◆ **Action item**
Word for word, transcribe the data below from the line with "施乐辉医用产品国际贸易(上海)有限公司对肌腱修复补片套件主动召回" to the line with "Русские подарки и", keeping both of those lines.

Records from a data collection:
________

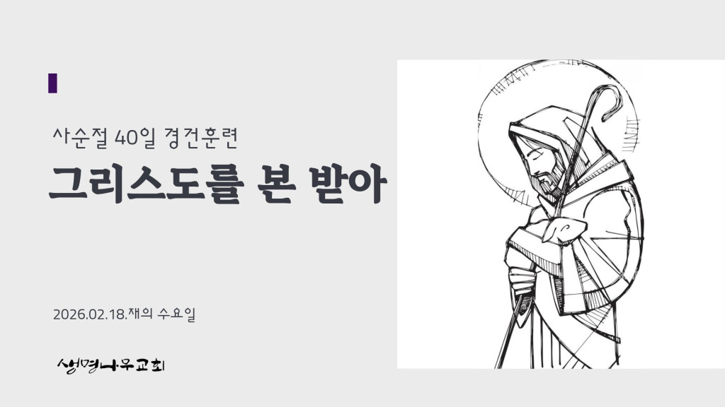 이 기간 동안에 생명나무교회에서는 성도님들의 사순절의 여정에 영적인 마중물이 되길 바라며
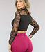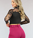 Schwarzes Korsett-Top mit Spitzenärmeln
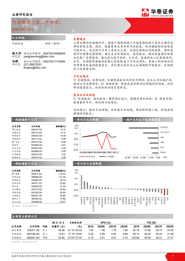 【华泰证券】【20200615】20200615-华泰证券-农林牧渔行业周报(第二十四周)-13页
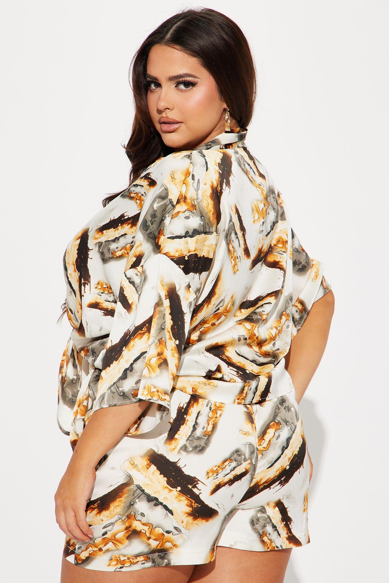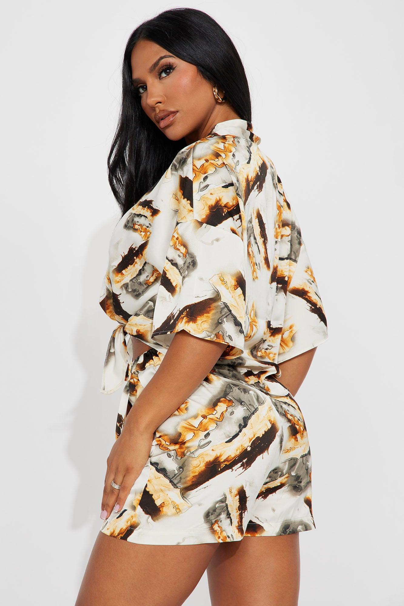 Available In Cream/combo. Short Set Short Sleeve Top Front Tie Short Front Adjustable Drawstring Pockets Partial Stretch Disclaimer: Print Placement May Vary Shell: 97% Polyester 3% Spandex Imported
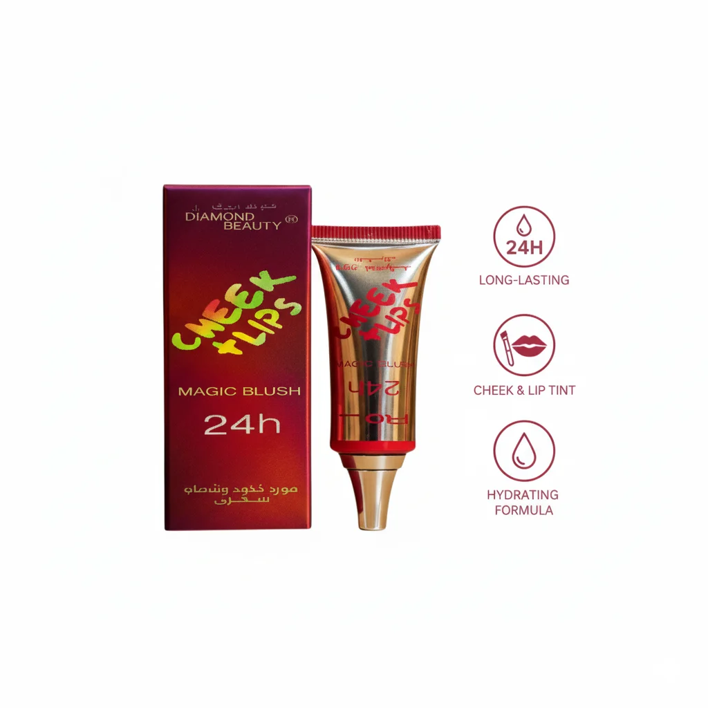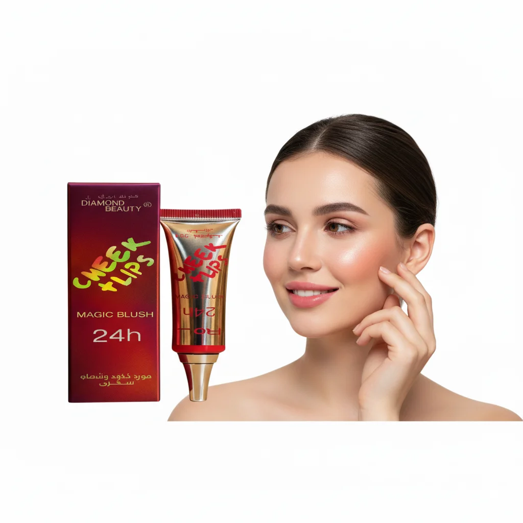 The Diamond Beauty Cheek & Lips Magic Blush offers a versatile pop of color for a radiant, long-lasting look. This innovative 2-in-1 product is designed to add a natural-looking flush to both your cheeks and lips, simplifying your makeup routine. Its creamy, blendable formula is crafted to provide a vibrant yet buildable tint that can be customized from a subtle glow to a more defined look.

________

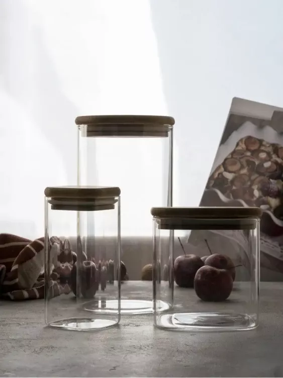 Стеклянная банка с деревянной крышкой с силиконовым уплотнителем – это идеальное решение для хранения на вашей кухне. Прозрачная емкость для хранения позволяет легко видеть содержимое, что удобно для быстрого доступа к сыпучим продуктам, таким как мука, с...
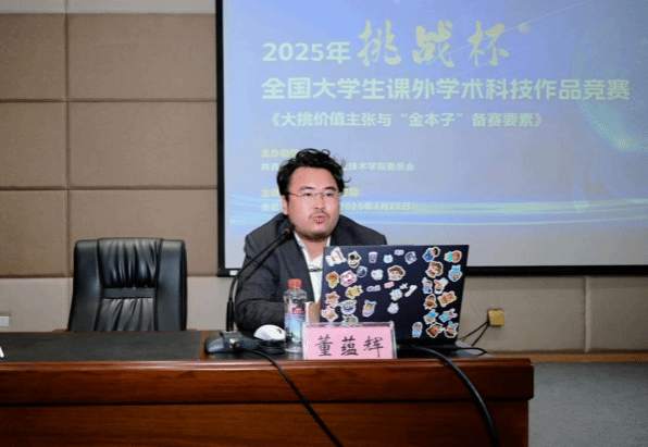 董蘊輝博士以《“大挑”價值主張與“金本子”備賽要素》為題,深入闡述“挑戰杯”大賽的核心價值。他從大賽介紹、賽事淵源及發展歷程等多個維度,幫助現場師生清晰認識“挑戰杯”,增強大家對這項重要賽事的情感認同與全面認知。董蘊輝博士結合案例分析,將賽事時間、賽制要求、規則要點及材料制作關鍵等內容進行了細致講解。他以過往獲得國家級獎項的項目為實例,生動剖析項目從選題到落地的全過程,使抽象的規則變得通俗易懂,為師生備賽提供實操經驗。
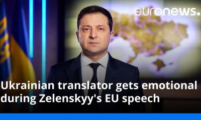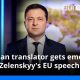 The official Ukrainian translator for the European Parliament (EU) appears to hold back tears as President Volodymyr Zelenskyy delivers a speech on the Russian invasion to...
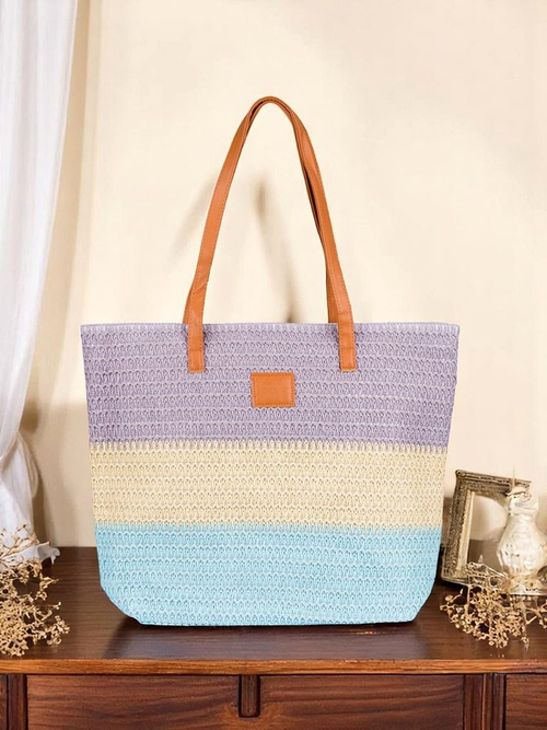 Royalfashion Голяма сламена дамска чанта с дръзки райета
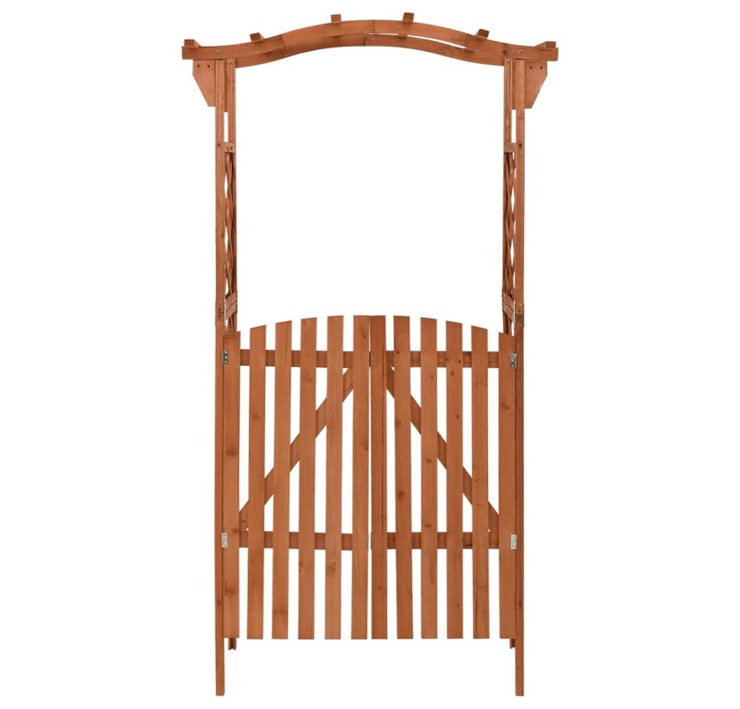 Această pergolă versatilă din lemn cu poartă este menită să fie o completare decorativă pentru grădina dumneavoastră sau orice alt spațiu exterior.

________

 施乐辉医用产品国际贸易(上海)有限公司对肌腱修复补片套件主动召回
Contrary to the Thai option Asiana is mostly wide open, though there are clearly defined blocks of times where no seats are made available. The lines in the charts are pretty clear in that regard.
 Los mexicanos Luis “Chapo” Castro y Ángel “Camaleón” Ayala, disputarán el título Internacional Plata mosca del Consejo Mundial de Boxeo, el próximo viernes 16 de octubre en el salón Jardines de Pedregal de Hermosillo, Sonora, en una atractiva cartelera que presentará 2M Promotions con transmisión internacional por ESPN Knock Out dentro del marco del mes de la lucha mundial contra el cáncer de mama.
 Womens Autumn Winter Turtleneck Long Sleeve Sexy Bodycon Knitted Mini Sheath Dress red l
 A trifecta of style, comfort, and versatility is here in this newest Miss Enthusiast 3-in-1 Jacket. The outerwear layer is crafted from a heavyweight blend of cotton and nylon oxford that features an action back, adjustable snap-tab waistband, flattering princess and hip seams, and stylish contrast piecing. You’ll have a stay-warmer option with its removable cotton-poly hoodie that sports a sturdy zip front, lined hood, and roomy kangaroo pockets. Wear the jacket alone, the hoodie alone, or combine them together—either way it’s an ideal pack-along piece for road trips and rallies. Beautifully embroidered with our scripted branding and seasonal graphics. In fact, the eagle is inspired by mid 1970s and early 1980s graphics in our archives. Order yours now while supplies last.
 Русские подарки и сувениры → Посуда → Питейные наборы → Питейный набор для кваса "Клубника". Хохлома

________

◆ **Completed exercise**
 施乐辉医用产品国际贸易(上海)有限公司对肌腱修复补片套件主动召回
Contrary to the Thai option Asiana is mostly wide open, though there are clearly defined blocks of times where no seats are made available. The lines in the charts are pretty clear in that regard.
 Los mexicanos Luis “Chapo” Castro y Ángel “Camaleón” Ayala, disputarán el título Internacional Plata mosca del Consejo Mundial de Boxeo, el próximo viernes 16 de octubre en el salón Jardines de Pedregal de Hermosillo, Sonora, en una atractiva cartelera que presentará 2M Promotions con transmisión internacional por ESPN Knock Out dentro del marco del mes de la lucha mundial contra el cáncer de mama.
 Womens Autumn Winter Turtleneck Long Sleeve Sexy Bodycon Knitted Mini Sheath Dress red l
 A trifecta of style, comfort, and versatility is here in this newest Miss Enthusiast 3-in-1 Jacket. The outerwear layer is crafted from a heavyweight blend of cotton and nylon oxford that features an action back, adjustable snap-tab waistband, flattering princess and hip seams, and stylish contrast piecing. You’ll have a stay-warmer option with its removable cotton-poly hoodie that sports a sturdy zip front, lined hood, and roomy kangaroo pockets. Wear the jacket alone, the hoodie alone, or combine them together—either way it’s an ideal pack-along piece for road trips and rallies. Beautifully embroidered with our scripted branding and seasonal graphics. In fact, the eagle is inspired by mid 1970s and early 1980s graphics in our archives. Order yours now while supplies last.
 Русские подарки и сувениры → Посуда → Питейные наборы → Питейный набор для кваса "Клубника". Хохлома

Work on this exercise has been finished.